Do not confine your children to your own learning, for they were born of another time.
-Hebrew Proverb
 

"Transitions are predictable rituals that toddlers learn to trust and rely on," note Beverly Kovach and Susan Patrick, in their book, Being with Infants and Toddlers. "Many toddlers have difficulty during transitions due to their internal emotional struggle between dependency and independency. This may interfere with providing calm transitions."

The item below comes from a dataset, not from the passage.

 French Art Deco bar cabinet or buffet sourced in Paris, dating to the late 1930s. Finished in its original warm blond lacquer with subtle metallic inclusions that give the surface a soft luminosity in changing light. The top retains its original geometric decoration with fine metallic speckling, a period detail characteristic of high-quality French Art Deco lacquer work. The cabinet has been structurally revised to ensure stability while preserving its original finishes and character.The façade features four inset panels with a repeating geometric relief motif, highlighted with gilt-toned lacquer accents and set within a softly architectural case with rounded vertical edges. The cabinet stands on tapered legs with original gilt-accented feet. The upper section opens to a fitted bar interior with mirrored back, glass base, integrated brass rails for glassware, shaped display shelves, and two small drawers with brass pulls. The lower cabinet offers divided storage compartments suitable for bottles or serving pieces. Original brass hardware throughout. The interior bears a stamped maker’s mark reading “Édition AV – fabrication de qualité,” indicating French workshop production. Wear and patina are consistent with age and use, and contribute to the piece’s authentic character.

The authors offer these suggestions for toddler transitions:
  • Use a signal to specify transition time.
  • Tell the toddlers what they are about to do.
  • Allow time for toddlers to act and process (toddlers take more time than adults to process information).
  • Give one clear rule or limit or action.
  • Avoid herding or gathering toddlers.
  • Be an active participant in the process... If one adult is engaged with the group the other should position herself where the children need to go.

Sunday, 21 April 2013

Value of Solitary Play

Being ignorant is not so much a shame, as being unwilling to learn.
-Benjamin Franklin


In their new book, From Play to Practice, Marcia Nell and Walter Drew, summarize the work of Monighan, Scales, Van Hoorn, and Almy (Looking at Children's Play, New York, Teachers College Press, 1987) on solitary play:

"There is little reason to assume that solitary play is less mature than interactive play, or that children always benefit from admonitions to share their toys. Instead, there may be good reason for fostering solitary play in the curriculum.

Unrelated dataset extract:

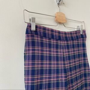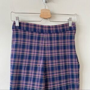 Urban Outfitters-Plaid Navy Pink Yellow Kick Flare Ankle High Rise Pants

"The sense of mastery that children gain from solitary play seems to provide a solid base for cooperative play, sharing of ideas, and social negotiation that are also called for in educational settings. The opportunity to consolidate intellectual activities in a private context may also contribute to the development of problem-solving skills and a reliance o n self-control in educational settings."

Friday, 19 April 2013

The Power of Talking


The pessimist complains about the wind; the optimist expects it to change; the realist adjusts the sails.
-William Arthur Ward


"If everyone talked to their young children the same amount, there would be no racial or socioeconomic gap at all." This controversial claim was made in a New York Times article, "The Power of Talking to Your Baby," by Tina Rosenberg. Some excerpts from this article based on the research of Betty Hart and Todd R. Risley at the University of Kansas:

"Children whose families were on welfare heard about 600 words per hour. Working-class children heard 1,200 words per hour, and children from professional families heard 2,100 words. By age 3, a poor child would have heard 30 million fewer words in his home environment than a child from a professional family.... Hart and Risley... found that parents talk much more to girls than to boys (perhaps because girls are more sociable, or because it is Mom who does most of the care, and parents talk more to children of their gender). This might explain why young, poor boys have particular trouble in school.

"And the disparity mattered: the greater the number of words children heard from their parents or caregivers before they were 3, the higher their IQ and the better they did in school. TV talk not only didn’t help, it was detrimental."